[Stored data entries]
_ _ _ _

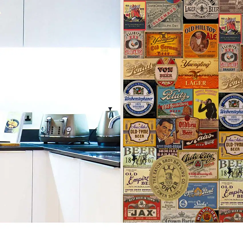 Promoção!Adesivo de parede rótulos cerveja 44cm x 3 metros Grudado Adesivos
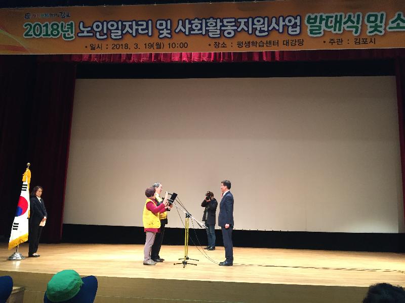 김포시(시장 유영록)가 2018년 노인일자리 및 사회활동지원사업 발대식을 19일 평생학습센터 대강당에서 성황리에 개최했다.
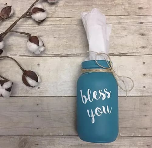 As we enter the peak of cold and flu season, be prepared for whatever sickness or allergies that (unfortunately) come your way. Display your tissues in these adorable, colorful, and hand-decorated mason jars. They even come in festive holiday colors, like bright red and and snow white.
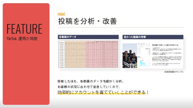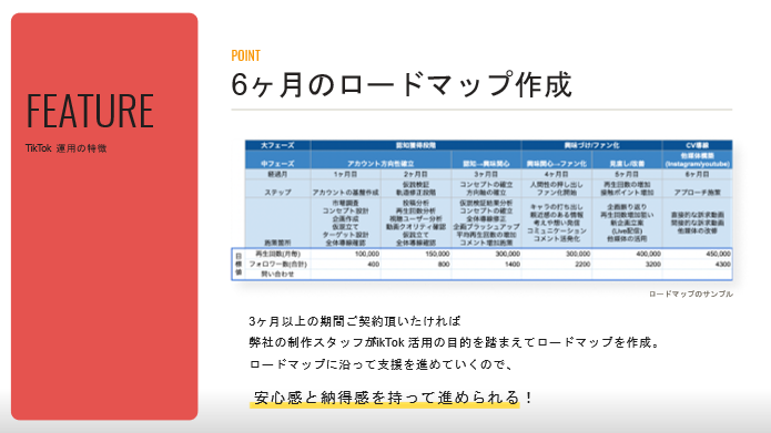採用に特化したTikTokアカウントを運用します。クライアントの要望を受け6か月分のロードマップを作成。動画作成に当たってのプランや実際の撮影など、アカウント運用に関わる全てをVAZで実施!さらに投稿後の分析も行い、より成果が出る形に改善を進めます。
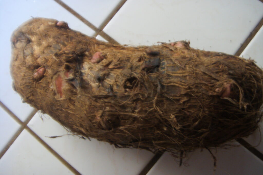 Tubercoli, plantani, mais, carote, una volta pelati e tagliati, vanno cotti nel brodo di carne filtrato. A metà cottura unire la carne con il suo fondo di cottura; una ventina di minuti prima della fine della cottura unire le palline di banana verde e le palline di grano. Condite con sale.
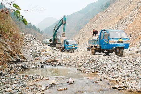 10月18日,记者在高坝镇过凤楼村北沟组附近的山沟里看到,河道几乎全被垫上了大小不一的废弃石渣,在半山腰上,一辆大型挖掘机正在进行采挖,山下另一辆挖掘机和四五辆机动三轮车正在拉运石头。
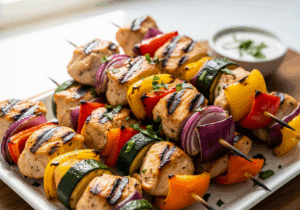 A1: Chicken kabobs are perfect for the air fryer because they cook quickly and evenly, delivering juicy meat with a delightfully crispy exterior. The air fryer’s circulating hot air crisps the chicken and veggies without drying them out, making for a hassle-free, flavor-packed meal in minutes.Q2: How do you keep chicken kabobs juicy inside but crispy outside?
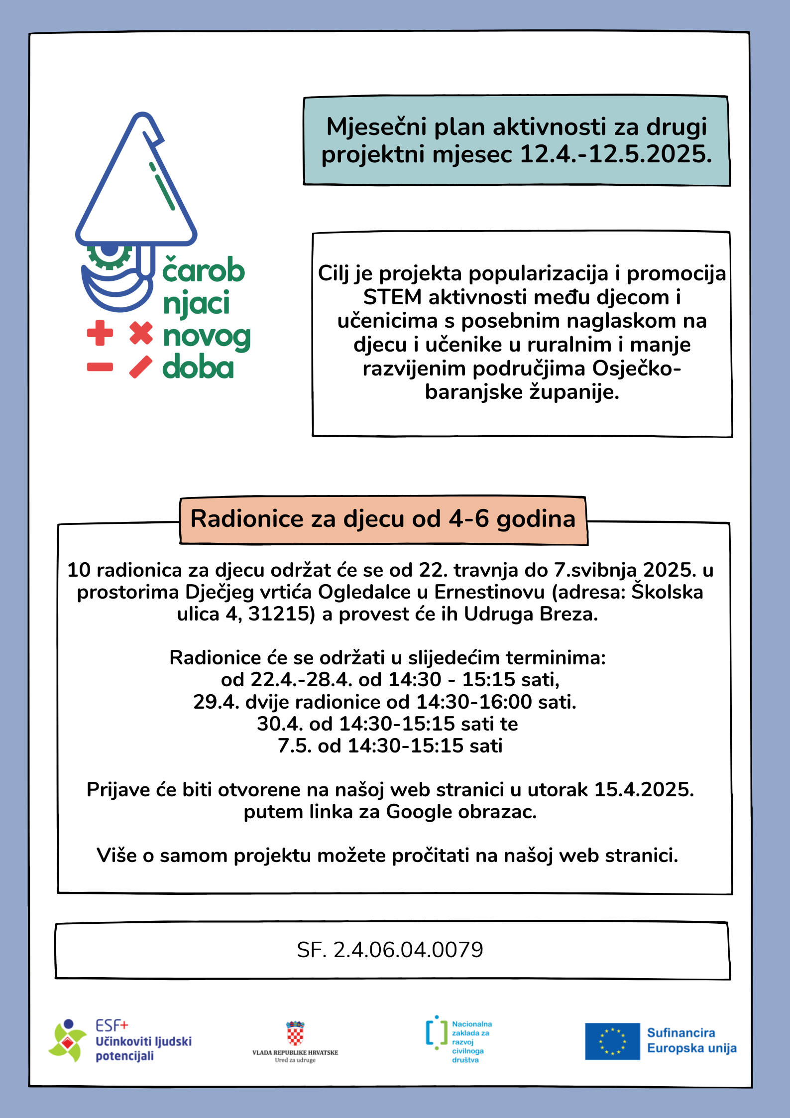 Projekt Čarobnjaci novog doba SF.2.4.06.04.0079 čiji nositelj je Udruga Breza ušao je u drugi provedbeni mjesec! Nakon izuzetno uspješno provedenog prvog mjeseca i 10 radionica održanih u DV Cvrčak, s veseljem dostavljamo novi mjesečni plan aktivnosti. U drugom projektnom mjesecu planirano je održati 10 radionica od 22.4. – 7.5. u prostorima Dječji vrtić Ogledalce Ernestinovo (Školska ulica 4, 31215). Termini održavanja su od 14:30 – 15:15 sati.
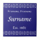 Azulejo de nome da família de estilo vitoriano - branco em azul com borda da impressora
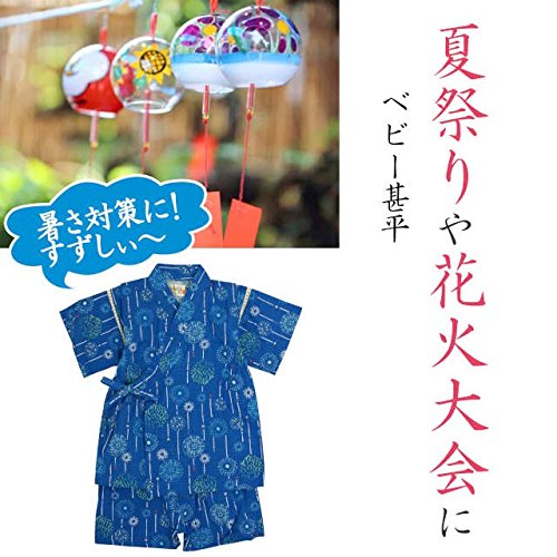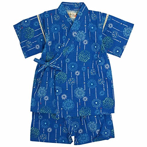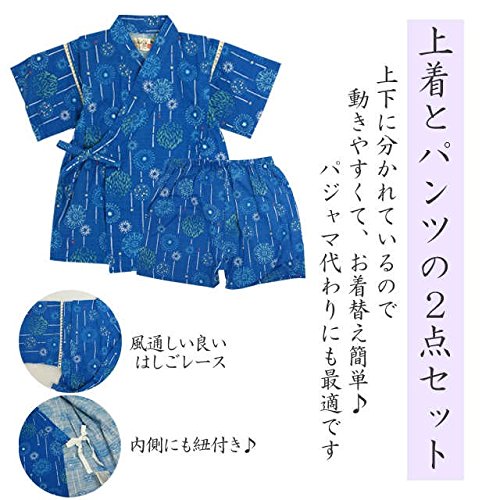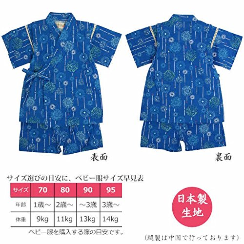 ベビー 甚平 男の子 じんべい 花火柄 日本製生地 和柄 綿100% スーツ上下 ベビー服 花火-青-1020 95cm
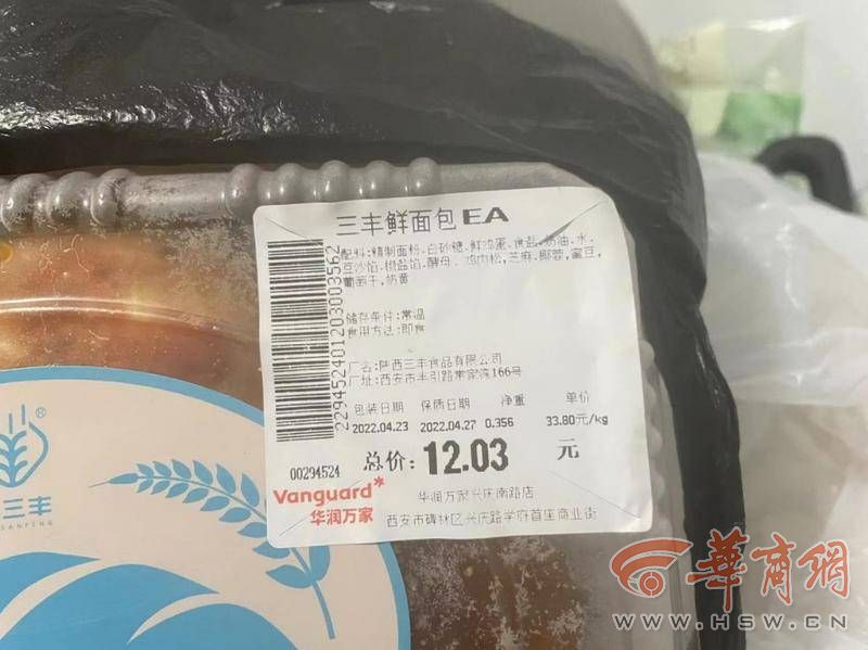 4月25日,华商报记者在郑先生提供的购物小票上看到,郑先生4月23日下午6时43分在华润万家西安兴庆南路店购物,包括两盒称重计价的三丰鲜面包,一盒11.76元、一盒12.03元。郑先生提供价签为12.03元一盒面包里,一块面包上能看到明显的灰绿色霉点。包装盒右上方贴有华润万家的价签,保质期为4月23日-4月27日。

_ _ _ _

TASK OBJECTIVE:
Reproduce the data above without a single change, please, but without its pictures.

WRITTEN REPLY:
 Promoção!Adesivo de parede rótulos cerveja 44cm x 3 metros Grudado Adesivos
 김포시(시장 유영록)가 2018년 노인일자리 및 사회활동지원사업 발대식을 19일 평생학습센터 대강당에서 성황리에 개최했다.
 As we enter the peak of cold and flu season, be prepared for whatever sickness or allergies that (unfortunately) come your way. Display your tissues in these adorable, colorful, and hand-decorated mason jars. They even come in festive holiday colors, like bright red and and snow white.
採用に特化したTikTokアカウントを運用します。クライアントの要望を受け6か月分のロードマップを作成。動画作成に当たってのプランや実際の撮影など、アカウント運用に関わる全てをVAZで実施!さらに投稿後の分析も行い、より成果が出る形に改善を進めます。
 Tubercoli, plantani, mais, carote, una volta pelati e tagliati, vanno cotti nel brodo di carne filtrato. A metà cottura unire la carne con il suo fondo di cottura; una ventina di minuti prima della fine della cottura unire le palline di banana verde e le palline di grano. Condite con sale.
 10月18日,记者在高坝镇过凤楼村北沟组附近的山沟里看到,河道几乎全被垫上了大小不一的废弃石渣,在半山腰上,一辆大型挖掘机正在进行采挖,山下另一辆挖掘机和四五辆机动三轮车正在拉运石头。
 A1: Chicken kabobs are perfect for the air fryer because they cook quickly and evenly, delivering juicy meat with a delightfully crispy exterior. The air fryer’s circulating hot air crisps the chicken and veggies without drying them out, making for a hassle-free, flavor-packed meal in minutes.Q2: How do you keep chicken kabobs juicy inside but crispy outside?
 Projekt Čarobnjaci novog doba SF.2.4.06.04.0079 čiji nositelj je Udruga Breza ušao je u drugi provedbeni mjesec! Nakon izuzetno uspješno provedenog prvog mjeseca i 10 radionica održanih u DV Cvrčak, s veseljem dostavljamo novi mjesečni plan aktivnosti. U drugom projektnom mjesecu planirano je održati 10 radionica od 22.4. – 7.5. u prostorima Dječji vrtić Ogledalce Ernestinovo (Školska ulica 4, 31215). Termini održavanja su od 14:30 – 15:15 sati.
 Azulejo de nome da família de estilo vitoriano - branco em azul com borda da impressora
 ベビー 甚平 男の子 じんべい 花火柄 日本製生地 和柄 綿100% スーツ上下 ベビー服 花火-青-1020 95cm
 4月25日,华商报记者在郑先生提供的购物小票上看到,郑先生4月23日下午6时43分在华润万家西安兴庆南路店购物,包括两盒称重计价的三丰鲜面包,一盒11.76元、一盒12.03元。郑先生提供价签为12.03元一盒面包里,一块面包上能看到明显的灰绿色霉点。包装盒右上方贴有华润万家的价签,保质期为4月23日-4月27日。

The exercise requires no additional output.